Note: A Centralized Transport Model is a very bad configuration and should be avoided at all costs as it means the cloud cannot send/receive email in the event the on-premises Exchange environment is down. It should only be used when there is a technical requirement such as this one.
I drew up what the mail routing will look like in a Centralized Transport Model:
It is important to note, you can configure a Centralized Transport Model using the Hybrid Configuration Wizard. This was not an option for this customer as they were on Exchange 2013 CU13 and wanted to address patching at a later date despite being
vulnerable to zero day cve-2020-0688 but that's another story. Hybrid Configuration Wizard is constantly updated by Microsoft and is only supported on the two latest CU updates. Make sure your Exchange environment is running one of the latest CU updates as Microsoft does not test HCW on old releases of Exchange.

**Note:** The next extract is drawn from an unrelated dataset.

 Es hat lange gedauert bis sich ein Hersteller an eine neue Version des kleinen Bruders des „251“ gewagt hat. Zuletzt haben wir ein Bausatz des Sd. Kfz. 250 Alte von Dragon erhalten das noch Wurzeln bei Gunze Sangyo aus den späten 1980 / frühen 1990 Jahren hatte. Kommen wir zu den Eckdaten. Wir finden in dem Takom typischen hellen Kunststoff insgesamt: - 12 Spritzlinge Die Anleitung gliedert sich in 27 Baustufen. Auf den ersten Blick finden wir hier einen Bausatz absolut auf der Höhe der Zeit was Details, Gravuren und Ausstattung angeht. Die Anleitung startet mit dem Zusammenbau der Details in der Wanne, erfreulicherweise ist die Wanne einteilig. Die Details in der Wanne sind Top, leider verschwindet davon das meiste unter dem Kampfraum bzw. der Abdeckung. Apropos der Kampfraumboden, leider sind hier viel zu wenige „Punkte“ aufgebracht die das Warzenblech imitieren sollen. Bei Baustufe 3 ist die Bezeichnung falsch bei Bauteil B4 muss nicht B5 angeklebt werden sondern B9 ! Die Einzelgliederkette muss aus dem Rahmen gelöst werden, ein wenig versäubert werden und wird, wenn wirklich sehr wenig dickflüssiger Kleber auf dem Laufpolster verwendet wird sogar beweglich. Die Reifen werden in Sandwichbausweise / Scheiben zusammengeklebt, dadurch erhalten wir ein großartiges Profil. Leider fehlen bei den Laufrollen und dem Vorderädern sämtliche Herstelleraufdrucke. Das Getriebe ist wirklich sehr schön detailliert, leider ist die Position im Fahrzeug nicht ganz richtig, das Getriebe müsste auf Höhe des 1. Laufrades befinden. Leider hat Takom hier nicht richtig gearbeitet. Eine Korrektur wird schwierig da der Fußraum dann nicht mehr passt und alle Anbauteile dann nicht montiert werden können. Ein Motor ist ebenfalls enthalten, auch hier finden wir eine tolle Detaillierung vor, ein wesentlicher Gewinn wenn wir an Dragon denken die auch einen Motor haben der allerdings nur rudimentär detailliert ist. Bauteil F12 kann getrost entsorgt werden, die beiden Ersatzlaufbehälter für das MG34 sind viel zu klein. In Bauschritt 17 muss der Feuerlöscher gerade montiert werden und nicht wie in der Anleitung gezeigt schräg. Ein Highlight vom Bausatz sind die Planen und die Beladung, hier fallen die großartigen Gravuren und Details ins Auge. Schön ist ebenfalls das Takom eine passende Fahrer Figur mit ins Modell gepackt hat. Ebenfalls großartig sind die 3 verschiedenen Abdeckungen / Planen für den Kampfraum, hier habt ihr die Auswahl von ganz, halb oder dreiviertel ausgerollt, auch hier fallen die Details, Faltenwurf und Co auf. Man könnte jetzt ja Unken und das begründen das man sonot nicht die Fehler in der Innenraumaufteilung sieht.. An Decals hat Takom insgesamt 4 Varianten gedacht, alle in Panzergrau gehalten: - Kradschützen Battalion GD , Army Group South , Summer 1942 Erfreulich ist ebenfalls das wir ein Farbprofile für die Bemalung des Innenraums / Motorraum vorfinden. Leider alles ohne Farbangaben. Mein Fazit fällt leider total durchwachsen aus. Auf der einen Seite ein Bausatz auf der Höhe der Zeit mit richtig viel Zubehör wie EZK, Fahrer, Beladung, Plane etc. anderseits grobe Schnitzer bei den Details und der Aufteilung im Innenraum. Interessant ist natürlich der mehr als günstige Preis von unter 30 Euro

"Hybrid deployments require the latest Cumulative Update (CU) or Update Rollup (RU) that's available for your version of Exchange. If you can't install the latest update, the immediately previous release is also supported."
Source:
https://docs.microsoft.com/en-us/exchange/hybrid-deployment-prerequisites
Manually Enabling Centralized Transport
To get this customer into a Centralized Transport Model we must do two things:
- Create a new "Inbound from Office 365" Receive Connector and i'll explain why this is required in a minute.
- Modify the Outbound connector in Office 365 to route all email "*" to the on-premises Server.

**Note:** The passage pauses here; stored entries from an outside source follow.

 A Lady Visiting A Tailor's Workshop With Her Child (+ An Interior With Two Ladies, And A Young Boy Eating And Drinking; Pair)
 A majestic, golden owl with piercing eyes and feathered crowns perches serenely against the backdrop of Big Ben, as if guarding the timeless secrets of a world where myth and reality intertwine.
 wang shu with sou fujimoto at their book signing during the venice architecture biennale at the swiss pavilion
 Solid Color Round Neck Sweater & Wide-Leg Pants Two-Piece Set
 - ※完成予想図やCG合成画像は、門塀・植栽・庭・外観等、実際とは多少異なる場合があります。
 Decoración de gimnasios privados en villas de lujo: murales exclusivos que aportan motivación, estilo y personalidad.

Create a Inbound from Office 365 Receive Connector
By default, all email from Office 365 enters through the Default Frontend Receive connector. The only change made by the Hybrid Configuration Wizard needed to receive email from Office 365 is by modifying the "TlsCertificateName" attribute on the Default Frontend Receive connector so that SMTP TLS can be established between all emails from Office 365 to the on-premises environment.
In a Centralized Transport Model we can no longer use the Default Frontend Receive Connector. The Default Frontend Receive Connector can receive email for all "Accepted Domains" domains which have mailboxes on the on-premises server. The Default Frontend Receive connector by default cannot accept email for external Internet Domain Names then route the email to a remote server on the Internet via a Smart Host or MX records for a good reason - this would make the mail server an open relay!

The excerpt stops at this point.